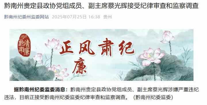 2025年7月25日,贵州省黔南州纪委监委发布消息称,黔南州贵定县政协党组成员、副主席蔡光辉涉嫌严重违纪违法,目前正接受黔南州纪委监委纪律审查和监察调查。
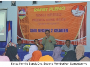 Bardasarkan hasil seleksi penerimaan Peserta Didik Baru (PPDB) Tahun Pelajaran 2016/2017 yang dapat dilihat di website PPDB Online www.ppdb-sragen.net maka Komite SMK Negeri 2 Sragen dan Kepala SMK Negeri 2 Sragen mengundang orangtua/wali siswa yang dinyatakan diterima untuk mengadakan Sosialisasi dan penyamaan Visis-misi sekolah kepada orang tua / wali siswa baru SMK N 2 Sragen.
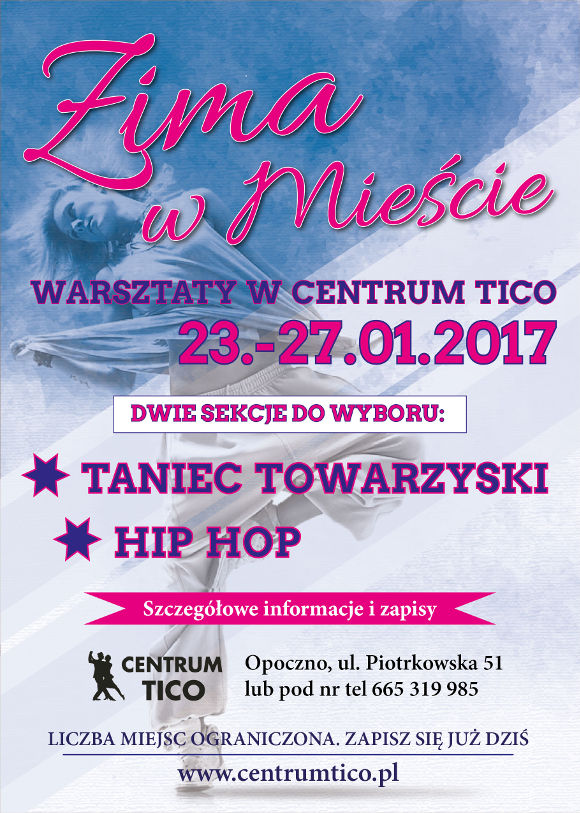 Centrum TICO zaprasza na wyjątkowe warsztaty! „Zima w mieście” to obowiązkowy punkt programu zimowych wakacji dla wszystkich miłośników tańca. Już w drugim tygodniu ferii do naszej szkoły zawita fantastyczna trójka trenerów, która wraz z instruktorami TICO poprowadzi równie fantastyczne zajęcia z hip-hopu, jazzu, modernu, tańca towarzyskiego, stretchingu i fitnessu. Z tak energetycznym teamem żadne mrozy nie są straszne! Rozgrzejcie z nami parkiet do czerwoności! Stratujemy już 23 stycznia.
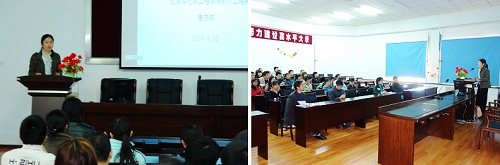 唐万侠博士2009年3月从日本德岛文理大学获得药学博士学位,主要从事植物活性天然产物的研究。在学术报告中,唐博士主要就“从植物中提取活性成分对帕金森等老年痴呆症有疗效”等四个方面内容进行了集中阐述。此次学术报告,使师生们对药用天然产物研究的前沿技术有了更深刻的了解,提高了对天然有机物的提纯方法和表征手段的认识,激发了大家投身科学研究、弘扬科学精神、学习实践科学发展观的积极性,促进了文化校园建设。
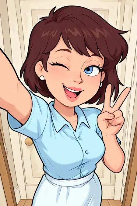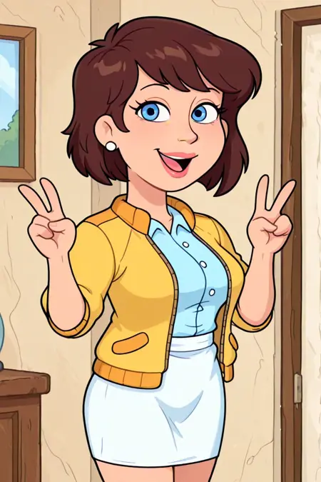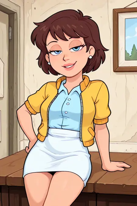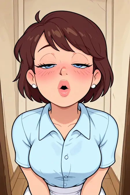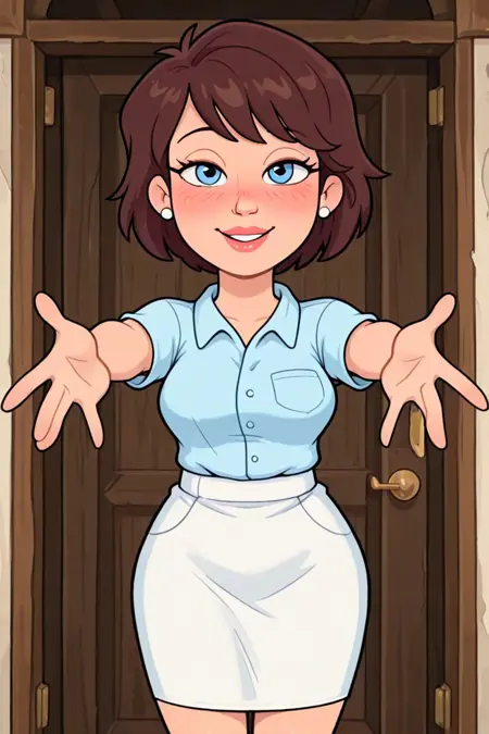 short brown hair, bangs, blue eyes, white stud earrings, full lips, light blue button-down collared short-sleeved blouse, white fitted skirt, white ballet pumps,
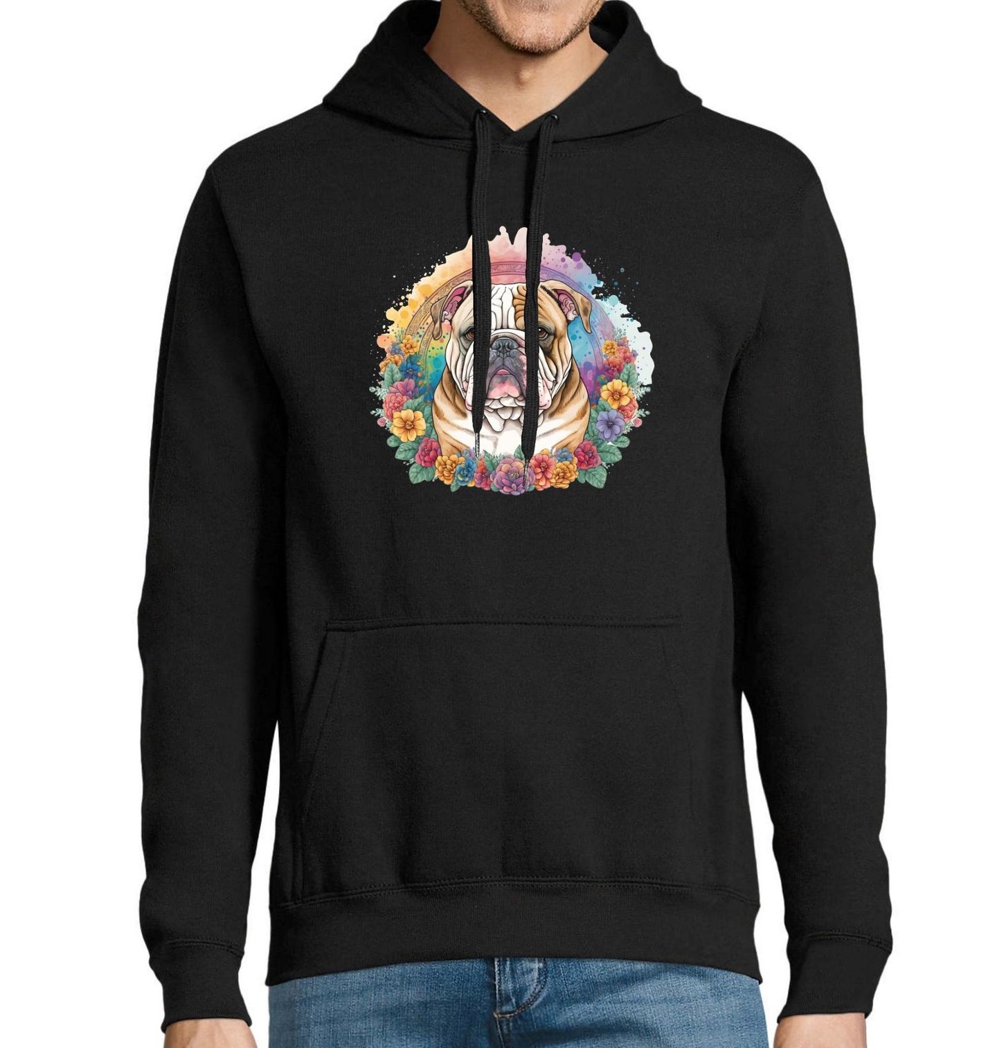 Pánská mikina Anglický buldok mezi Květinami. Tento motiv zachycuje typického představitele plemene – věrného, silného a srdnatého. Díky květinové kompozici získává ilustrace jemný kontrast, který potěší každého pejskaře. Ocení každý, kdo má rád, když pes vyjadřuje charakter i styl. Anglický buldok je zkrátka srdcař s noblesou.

• [Exercise directions]:
Your answer should hold every record above, printed exactly and free of pictures.

• [Answer for the task]:
 2025年7月25日,贵州省黔南州纪委监委发布消息称,黔南州贵定县政协党组成员、副主席蔡光辉涉嫌严重违纪违法,目前正接受黔南州纪委监委纪律审查和监察调查。
 Bardasarkan hasil seleksi penerimaan Peserta Didik Baru (PPDB) Tahun Pelajaran 2016/2017 yang dapat dilihat di website PPDB Online www.ppdb-sragen.net maka Komite SMK Negeri 2 Sragen dan Kepala SMK Negeri 2 Sragen mengundang orangtua/wali siswa yang dinyatakan diterima untuk mengadakan Sosialisasi dan penyamaan Visis-misi sekolah kepada orang tua / wali siswa baru SMK N 2 Sragen.
 Centrum TICO zaprasza na wyjątkowe warsztaty! „Zima w mieście” to obowiązkowy punkt programu zimowych wakacji dla wszystkich miłośników tańca. Już w drugim tygodniu ferii do naszej szkoły zawita fantastyczna trójka trenerów, która wraz z instruktorami TICO poprowadzi równie fantastyczne zajęcia z hip-hopu, jazzu, modernu, tańca towarzyskiego, stretchingu i fitnessu. Z tak energetycznym teamem żadne mrozy nie są straszne! Rozgrzejcie z nami parkiet do czerwoności! Stratujemy już 23 stycznia.
 唐万侠博士2009年3月从日本德岛文理大学获得药学博士学位,主要从事植物活性天然产物的研究。在学术报告中,唐博士主要就“从植物中提取活性成分对帕金森等老年痴呆症有疗效”等四个方面内容进行了集中阐述。此次学术报告,使师生们对药用天然产物研究的前沿技术有了更深刻的了解,提高了对天然有机物的提纯方法和表征手段的认识,激发了大家投身科学研究、弘扬科学精神、学习实践科学发展观的积极性,促进了文化校园建设。
 short brown hair, bangs, blue eyes, white stud earrings, full lips, light blue button-down collared short-sleeved blouse, white fitted skirt, white ballet pumps,
 Pánská mikina Anglický buldok mezi Květinami. Tento motiv zachycuje typického představitele plemene – věrného, silného a srdnatého. Díky květinové kompozici získává ilustrace jemný kontrast, který potěší každého pejskaře. Ocení každý, kdo má rád, když pes vyjadřuje charakter i styl. Anglický buldok je zkrátka srdcař s noblesou.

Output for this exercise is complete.